Addressing these multifaceted limitations is paramount to ensuring the system’s future viability, maximizing its potential impact, and promoting equitable access to its benefits. This necessitates a concerted effort to enhance sensor adaptability across diverse environmental contexts, explore innovative strategies to mitigate cost barriers and improve affordability across diverse socioeconomic strata, and incorporate robust features that support effective offline operation and maintain functionality in the absence of reliable network connectivity.

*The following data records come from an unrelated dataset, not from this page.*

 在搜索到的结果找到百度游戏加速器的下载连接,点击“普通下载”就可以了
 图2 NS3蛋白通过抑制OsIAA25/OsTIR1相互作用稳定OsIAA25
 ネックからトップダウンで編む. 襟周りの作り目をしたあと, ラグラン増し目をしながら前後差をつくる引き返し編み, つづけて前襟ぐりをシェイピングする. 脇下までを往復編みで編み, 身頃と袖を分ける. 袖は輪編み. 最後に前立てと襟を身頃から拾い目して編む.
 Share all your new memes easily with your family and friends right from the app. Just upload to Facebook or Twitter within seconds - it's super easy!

Furthermore, it is critical to prioritize improvements in accessibility for users with disabilities through universal design principles, implement robust cybersecurity measures employing state-of-the-art encryption and authentication protocols to safeguard sensitive data, and promote a balanced and ethically sound integration of technology and personalized caregiving, ensuring that technological advancements complement, rather than supplant, essential human interaction. Thoughtful and rigorous attention to these factors will be crucial in enabling the system to effectively bridge critical gaps in caregiving, fostering a safer, more intelligent, and more connected ecosystem for families on a global scale.

Future work

To further refine the IoT Smart Cradle and augment its capabilities, future research and development endeavors should strategically concentrate on the following key areas:

  • Enhanced Cry Detection Accuracy and Specificity: Integrating advanced audio processing methodologies, such as deep learning-based speech recognition, and potentially incorporating multimodal analysis (e.g., integrating video and physiological data), to enhance the precision and specificity of cry differentiation. This would enable the system to not only detect infant cries but also to more accurately classify nuanced cry types (e.g., hunger, discomfort, fatigue, pain) and potentially infer the underlying causes with greater accuracy and reliability.

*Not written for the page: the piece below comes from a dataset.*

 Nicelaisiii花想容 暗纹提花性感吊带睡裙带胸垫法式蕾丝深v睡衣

  • Improved Power Efficiency and Sustainability: Implementing energy-efficient operational modes for sensors, actuators, and embedded processing units to optimize power consumption, extend battery longevity in portable applications, and minimize energy demands. This includes exploring energy harvesting techniques and developing adaptive power management strategies to promote sustainability and reduce the reliance on external power sources.

  • Expanded Mobile Application Functionality and Decision Support: Enriching the mobile application with features such as AI-driven parental guidance, providing caregivers with evidence-based advice and support informed by infant activity patterns, developmental milestones, and health insights derived from continuous monitoring. The development of clinical decision support system (CDSS) modules could also be explored to aid in early detection of potential health issues.

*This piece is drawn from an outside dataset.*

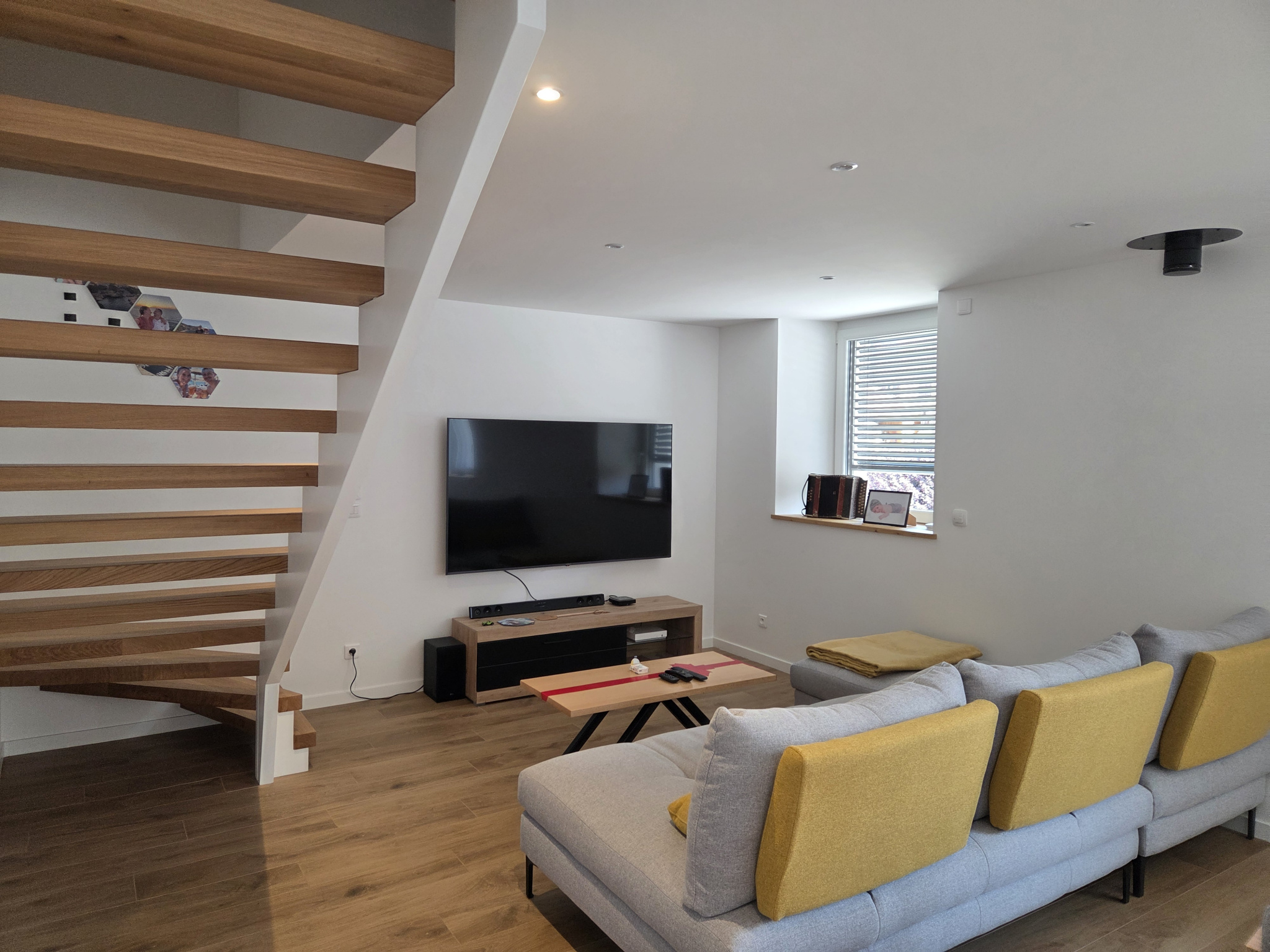 Le deuxième niveau offre deux chambres, un espace détente et une salle de bains moderne avec WC.

  • Increased System Scalability, Adaptability, and Interoperability: Designing the system architecture with modular components and standardized interfaces to facilitate customization and adaptability based on individual user preferences and evolving needs. This includes enabling the seamless integration of additional sensors, actuators, or firmware upgrades.

  • Strengthened Data Security, Privacy, and Ethical Framework: Bolstering data privacy and security through the implementation of advanced encryption techniques, such as blockchain-based encryption or decentralized data storage solutions, to protect sensitive infant data from unauthorized access and potential breaches.